→ ASSIGNED TASK
Would you copy the lines below exactly and omit the images?

→ DATA SECTION
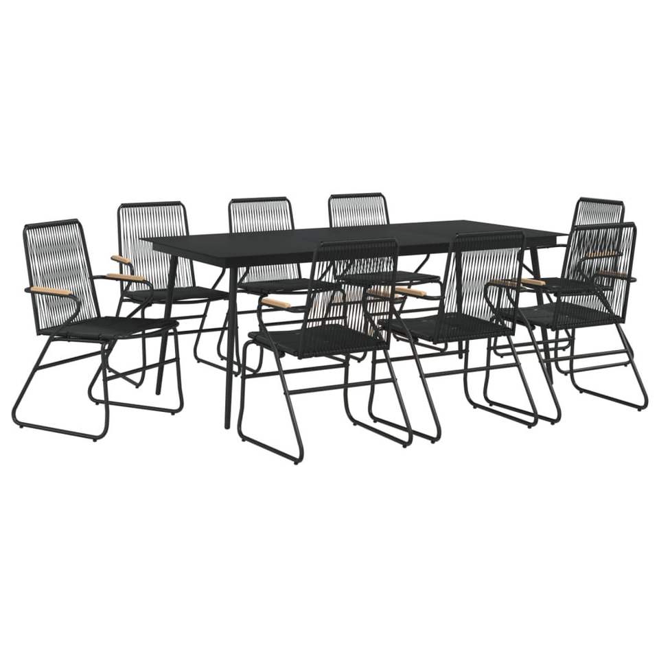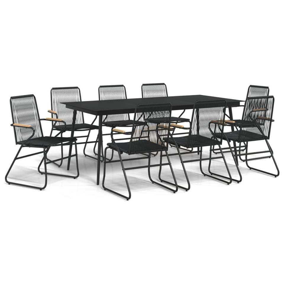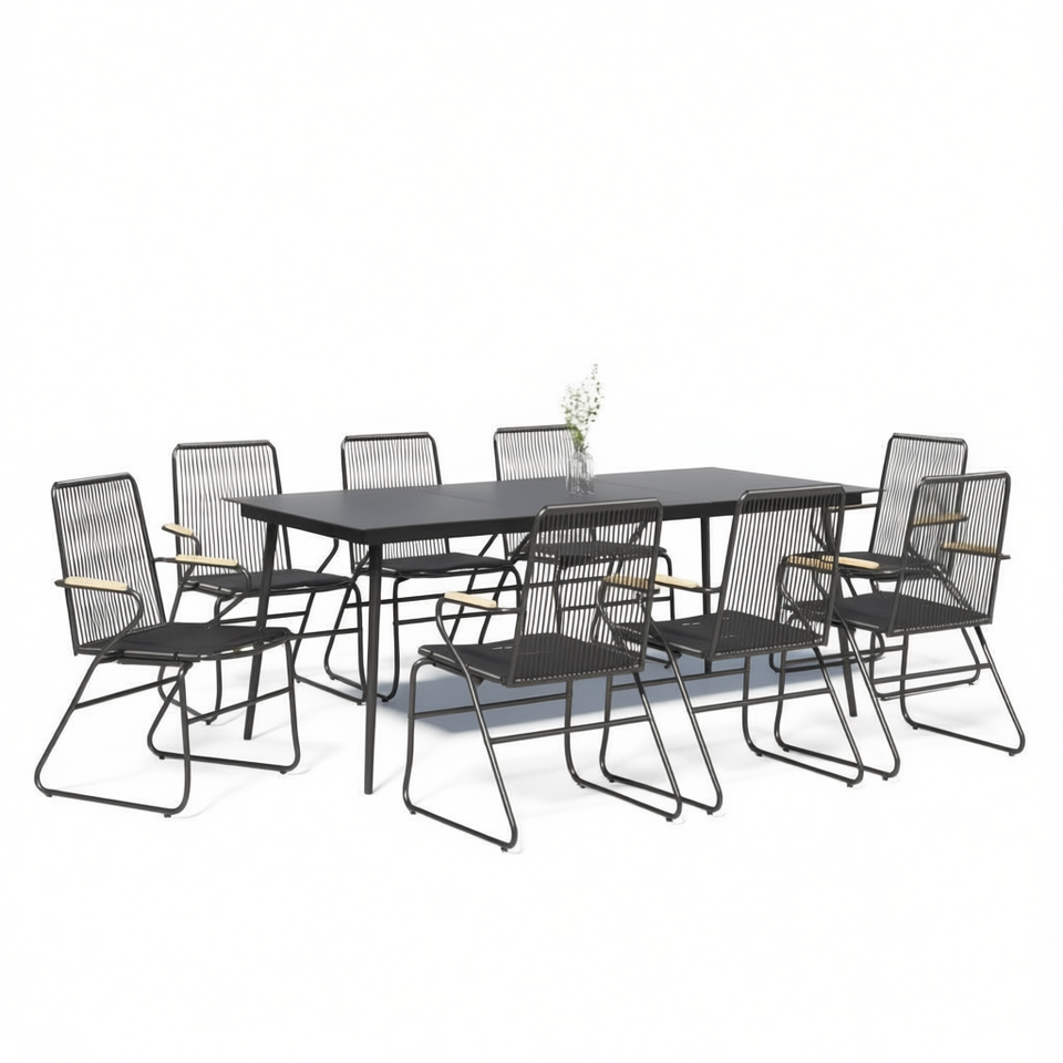 Set da Pranzo da Giardino Nero per 6 Persone, Struttura in Metallo, Arredamento Minimalista da Esterno Resistente alle Intemperie
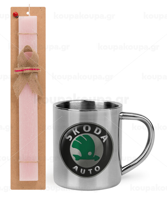 SKODA, Πασχαλινή Λαμπάδα με μεταλλική κούπα θερμό (300ml) & κερί αρωματικό πλακέ (30cm) (ΡΟΖ)
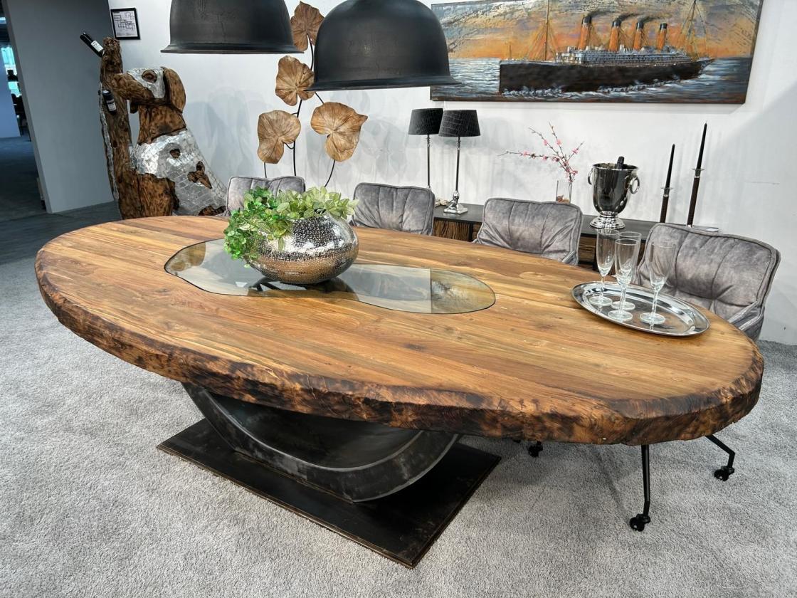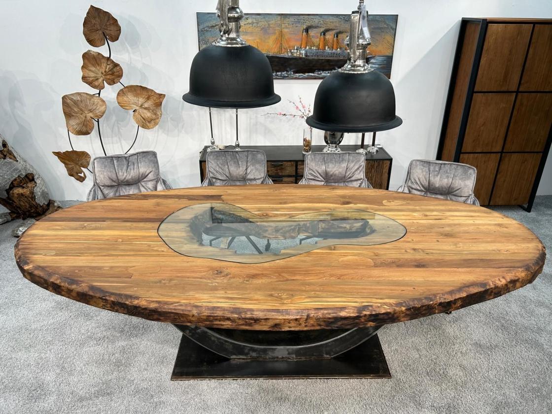 Beispiel: Ovaler Esstisch "Sky Island" im Format 280 x 140 cm aus recyceltem Holz, massiv 10 cm

→ ANSWER BOX
 Set da Pranzo da Giardino Nero per 6 Persone, Struttura in Metallo, Arredamento Minimalista da Esterno Resistente alle Intemperie
 SKODA, Πασχαλινή Λαμπάδα με μεταλλική κούπα θερμό (300ml) & κερί αρωματικό πλακέ (30cm) (ΡΟΖ)
 Beispiel: Ovaler Esstisch "Sky Island" im Format 280 x 140 cm aus recyceltem Holz, massiv 10 cm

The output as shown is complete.